Plant variety is a legal term, following the International Union for the Protection of New Varieties of Plants (UPOV) Convention. Recognition of a cultivated plant (a cultivar) as a "variety" in this particular sense provides its breeder with some legal protection, so-called plant breeders' rights, depending to some extent on the internal legislation of the UPOV signatory countries, such as the Plant Variety Protection Act in the US.

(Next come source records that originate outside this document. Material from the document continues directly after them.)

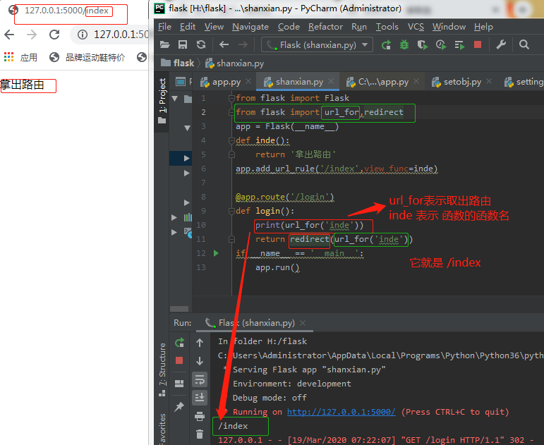 # 3 使用:@app.route('/index/<regex("\d+"):nid>') 正则表达式会当作第二个参数传递到类中 # 正则匹配处理结果,要交给to_python,to_python函数可以对匹配处理结果做处理 @app.route('/index/<regex("\d+"):nid>') def index(nid): print("index",nid,type(nid)) print(url_for('index', nid='888')) 这数什么意思????? return 'Index' if __name__ == '__main__': app.run()
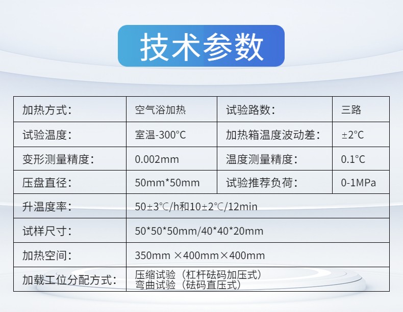 主要用于測(cè)試硬質(zhì)泡沫在溫度和負(fù)荷條件下的壓縮蠕變性能
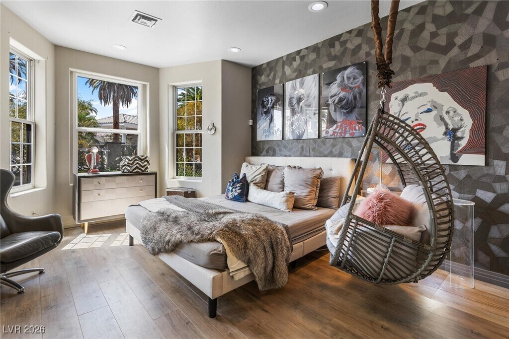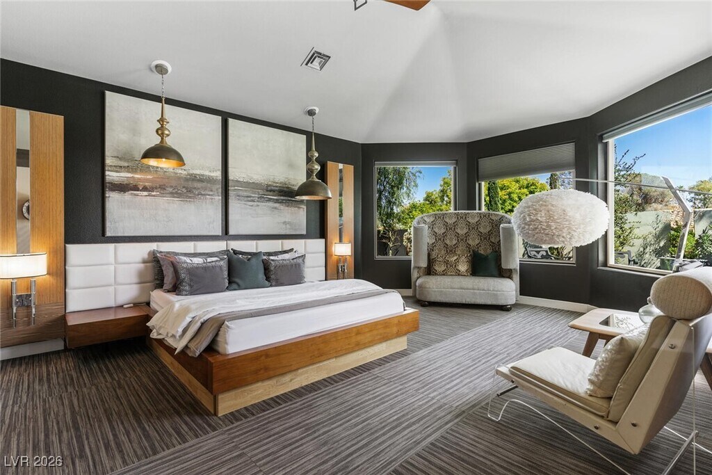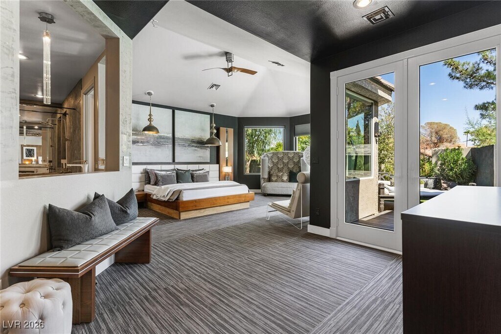 This home is an absolute masterpiece. This fully furnished 6 bed, 7 bath home was meticulously designed by one of Las Vegas' most sought after designers. Step into your own private hotel featuring high ceilings, open floor plan, luxury resort style yard, 6 en suite bedrooms, gym and more.

This "variety" (which will differ in status according to national law) should not be confused with the international taxonomic rank of "variety" (regulated by the International Code of Nomenclature for algae, fungi, and plants), nor with the term "cultivar" (regulated by the International Code of Nomenclature for Cultivated Plants). Some horticulturists use "variety" imprecisely; for example, viticulturists almost always refer to grape cultivars as "grape varieties".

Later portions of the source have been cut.